L’iniziativa ha ottenuto, nelle edizioni precedenti, un notevole successo con la presenza di circa 10.000 visitatori. La manifestazione prevede un ricco e variegato programma:
• Area espositiva con prodotti tipici locali, artigianato, gastronomia ecc. che rappresenta ormai un punto di riferimento per gli operatori turistici e le Aziende agricole
• Realizzazione dell’Infiorata “Tra fiori e frutta”

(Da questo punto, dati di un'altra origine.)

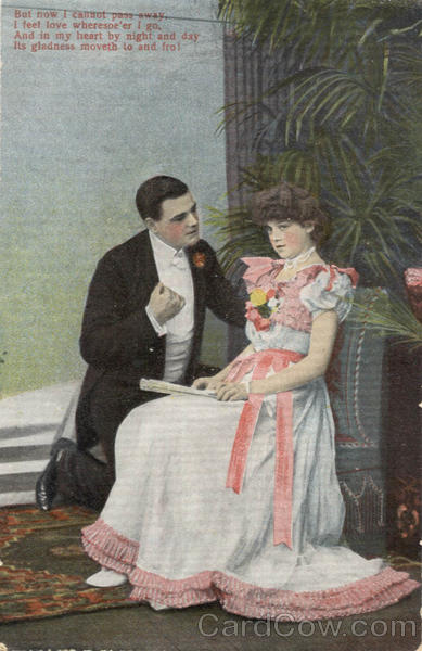 Front: But now I cannot pass away, feel love wheresoe'er I go, And in my heart by night and day Its gladness moveth to and frol Back: Serie 1250. K. V. i. B. 12.

• Degustazione della “Torta alla ciliegia”
• Convegno sulle Ciliegie
• Spettacoli musicali.
La Ciliegia dell’Etna è uno dei prodotti d’eccellenza dell’agricoltura catanese a marchio Dop. Il frutto, che arriva a riprodursi dalla costa fino a 1600 metri d'altitudine, viene prodotto in gran parte dei comuni che circondano il Vulcano. A fregiarsi del marchio Dop sono le varietà Napoleone, Maiolina e Mastrantoni. Quest'ultima è la più rinomata, ma in generale, la «ciliegia dell’Etna», color rosso brillante e di pezzatura medio-grossa, è considerata un prodotto di qualità elevatissima per il sapore e le proprietà organolettiche, si presenta croccante all’esterno, con una polpa molto compatta e peduncolo lungo. Il frutto è dolce, ma non stucchevole, la bassa acidità conferisce un sapore molto gradevole.